If you are having trouble getting to sleep earlier in anticipation of traveling east, Dr. Kapur suggests taking one milligram of over-the-counter melatonin about four hours before bed, up to three days before the trip. (Melatonin is a substance that is produced naturally in the body as night falls, signaling that it is time to go to sleep.) This small dose is best for reducing jet lag, Dr. Olson said, because studies show a larger dose doesn’t necessarily work better and is more likely to produce side effects. Travelers should be aware that as a dietary supplement, melatonin is not regulated by the Food and Drug Administration.

Grab a quick nap

If you’re feeling drained as your body adjusts to the new time zone, curl up for a 20-minute snooze, said Dr. Kapur. If you nap longer than that, he cautions, the brain fog may worsen or you may have trouble falling asleep at night.

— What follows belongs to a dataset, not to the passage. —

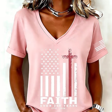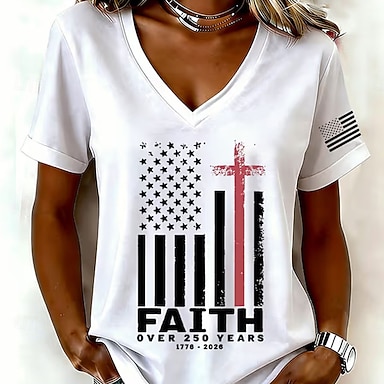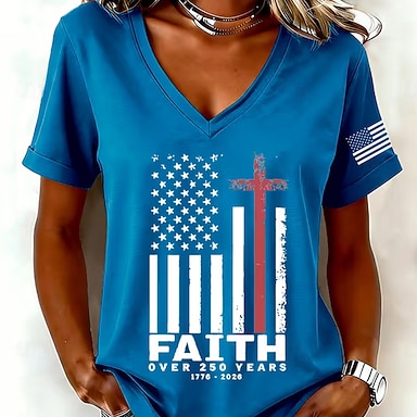 día de la independencia americana Mujer Camiseta Estampado Graphic Bandera estadounidense Vintage Elegante Clásico Manga Corta Escote en Pico Tops regulares Diario Fin de semana Blanco Azul claro

Refresh with a layover shower

A spritz at the airport between long flights can work wonders for a tired body. Airports with public pay showers include Tokyo Narita International Airport, Munich Airport and San Francisco International Airport. At some airports, only specific lounges — like the Delta Sky Club at Seattle-Tacoma International Airport — offer showers. If you’re not a member, don’t have access through a credit card and really need a boost, consider a day pass. The IGA Lounge in Istanbul International Airport, for example, costs $65. All offer towels, soap and shampoo.

Make the most of the lag

If you expect to be up super late or early as your body adjusts, plan ahead. Early in the trip, you may have the most energy for a visit to the Patpong Night Market in Bangkok, the early-morning tuna auction at the Toyosu Fish Market in Tokyo or a predawn excursion to see the sunrise at Haleakala volcano in Maui.